À la fin de 2006, elle recommencé à fabriquer des bijoux sur demande tout en suivant des cours à l’école de gemmologie de Montréal. De fil en aiguille, elle a fini par créer sa propre collection de colliers, bracelets et boucles d’oreille à base d’argent fin et de matériaux haut de gamme (perles, verre de Murano, pierres semi-précieuses). Ses créations sont aujourd’hui en vente dans certaines bijouteries et boutiques spécialisées.

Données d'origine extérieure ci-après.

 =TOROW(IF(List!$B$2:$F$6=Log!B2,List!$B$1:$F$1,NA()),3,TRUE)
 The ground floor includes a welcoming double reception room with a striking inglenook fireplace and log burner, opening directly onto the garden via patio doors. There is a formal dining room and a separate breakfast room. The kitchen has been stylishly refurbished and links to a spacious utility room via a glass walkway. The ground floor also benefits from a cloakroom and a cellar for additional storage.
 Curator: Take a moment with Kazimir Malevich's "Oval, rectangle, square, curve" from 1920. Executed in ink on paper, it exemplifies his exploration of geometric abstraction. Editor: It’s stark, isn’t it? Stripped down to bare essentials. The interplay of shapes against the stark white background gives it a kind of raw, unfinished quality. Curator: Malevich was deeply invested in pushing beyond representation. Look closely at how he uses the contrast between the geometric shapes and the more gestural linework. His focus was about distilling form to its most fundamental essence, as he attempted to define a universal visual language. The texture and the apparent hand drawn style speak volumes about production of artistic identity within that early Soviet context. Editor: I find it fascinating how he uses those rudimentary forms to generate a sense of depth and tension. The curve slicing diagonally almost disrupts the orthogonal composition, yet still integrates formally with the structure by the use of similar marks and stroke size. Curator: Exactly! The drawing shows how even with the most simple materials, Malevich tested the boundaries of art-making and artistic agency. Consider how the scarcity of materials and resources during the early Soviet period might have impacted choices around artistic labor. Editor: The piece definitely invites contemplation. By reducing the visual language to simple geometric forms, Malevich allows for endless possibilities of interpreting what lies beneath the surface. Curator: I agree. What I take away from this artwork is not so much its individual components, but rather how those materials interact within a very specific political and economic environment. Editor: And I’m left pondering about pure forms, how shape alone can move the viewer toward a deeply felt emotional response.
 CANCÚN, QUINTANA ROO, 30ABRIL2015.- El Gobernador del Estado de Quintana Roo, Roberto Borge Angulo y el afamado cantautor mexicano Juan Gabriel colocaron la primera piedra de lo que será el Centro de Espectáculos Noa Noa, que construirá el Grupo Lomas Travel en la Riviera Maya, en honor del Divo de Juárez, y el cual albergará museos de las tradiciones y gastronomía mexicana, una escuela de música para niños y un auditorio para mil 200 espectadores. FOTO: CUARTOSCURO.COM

«Ma ligne de bijoux représente 25% du total de mes ventes. Toutes les pièces sont distinctes les unes des autres. Je ne fais jamais deux fois la même chose», précise la bijoutière de Bedford.

Un rythme de vie infernal

Vera Stroebele a ouvert une deuxième bijouterie, en novembre 2010, et fait la navette entre Cowansville et Bedford pendant une quinzaine de mois. Elle a finalement mis la clé dans la porte de son nouveau commerce, en février dernier, un mois avant la naissance de son fils Izak.

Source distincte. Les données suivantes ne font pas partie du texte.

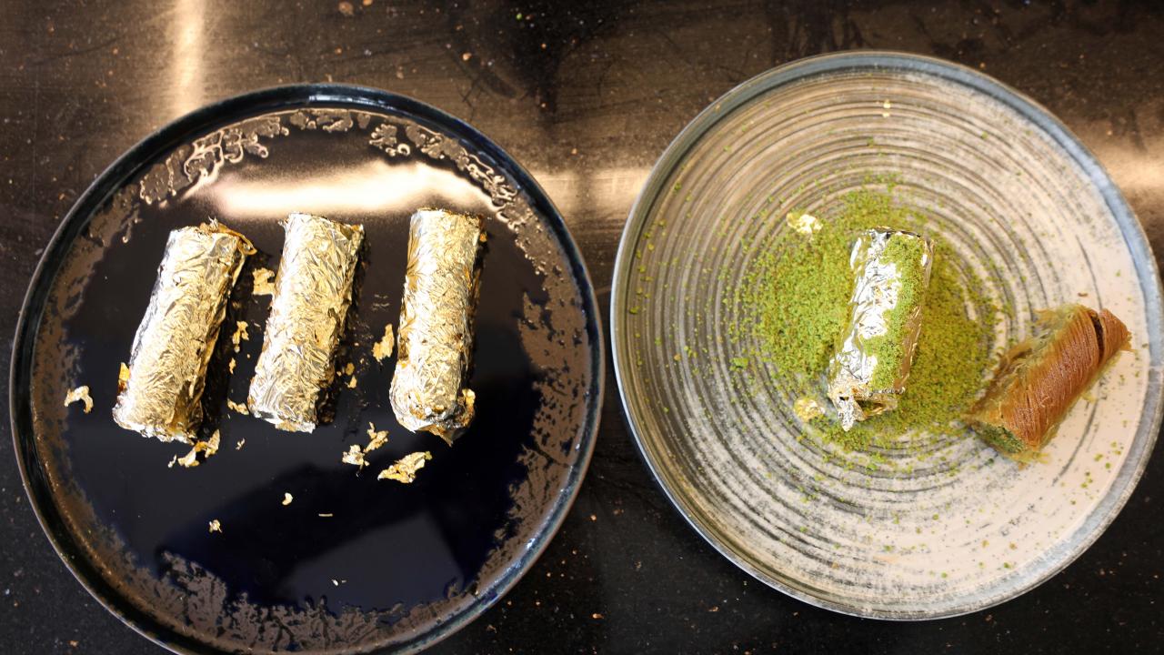 Gaziantep'te yaşayan Coşkun Yaycı, fıstık ve kaymaklı olarak yaptığı burma kadayıfı farklı bir tat ortaya koymak için altınla kapladı. Helal gıda sertifikalı, yenilebilir altın ile kaplanan burma kadayıf, vatandaşlardan ilgi gördü.

«J’étais sur le point d’accoucher et je travaillais encore 70 heures par semaine. Je ne me voyais pas conserver ce rythme avec un bébé. J’ai alors décidé de concentrer mes activités à Bedford, où j’habite encore pour quelques mois», explique la principale intéressée.

Vera Stroebele a été malade lors du week-end de Pâques, à l’occasion du mariage de sa belle-sœur, puis durant le mois suivant. On la croyait allergique aux produits laitiers.

Au début de juin, son mari l’a retrouvée inconsciente dans la salle de bain. Elle a été transportée à l’hôpital BMP, où on a diagnostiqué une pancréatite. Elle a été hospitalisée pendant huit jours.

Une semaine après son retour à la maison, elle a été victime d’une deuxième pancréatite et été hospitalisée pendant 18 jours. Elle a ensuite séjourné au CHUS pendant neuf autres jours.

«Ma deuxième pancréatite a affecté mon foie, mon estomac, mes intestins. Ça aurait pu être mortel si je n’avais pas été transportée d’urgence à BMP», ajoute-t-elle.

Vera Stroebele a suivi une diète liquide et perdu 70 livres en cinq mois. Elle est en attente d’une chirurgie depuis le 20 juin et a bon espoir de pouvoir passer sous le bistouri dans les prochains mois.

«Mon médecin m’a dit que si je travaillais plus de cinq heures par jour, j’étais faite. Le problème, c’est que j’ai beaucoup d’ouvrage – environ 70 polissages et réparations par semaine – et que ma belle-sœur, qui travaille également à la boutique de Bedford, nous quitte à son tour pour un congé de maternité», poursuit-elle.

Une décision difficile

À bout de ressources, Vera Stroebele a dû se résoudre à fermer la bijouterie de Bedford. Elle profitera des prochaines semaines pour liquider son stock avant de prendre un peu de repos. Elle devra également prévoir deux ou trois de convalescence, après la chirurgie.

«Si tout va bien, je devrais pouvoir me remettre à la création de bijoux au printemps 2013, tout en continuant à faire des réparations. Je poursuivrai mon travail au 191 de la rue Allen, à Philipsburg, juste en face du Manoir. Le garage de notre nouvelle maison sera converti en atelier-boutique. J’aurai également un coffre-fort sur place», précise-t-elle.

Mme Stroebele entend se départir du local commercial abritant la bijouterie de Bedford tout en conservant le nom de l’entreprise. Marie Bertrand, une fleuriste de cette localité, a par ailleurs accepté de prendre ses créations en consignation. La jeune femme bénéficiera ainsi d’une belle visibilité sur la rue Principale.

«J’aimerais également organiser des soirées bijoux, à la façon des soirées Tupperware. C’est une idée à moi, je ne connais encore personne qui fait ça», affirme la bijoutière dans la jeune trentaine, qui n’a rien perdu de son enthousiasme, malgré ses ennuis de santé.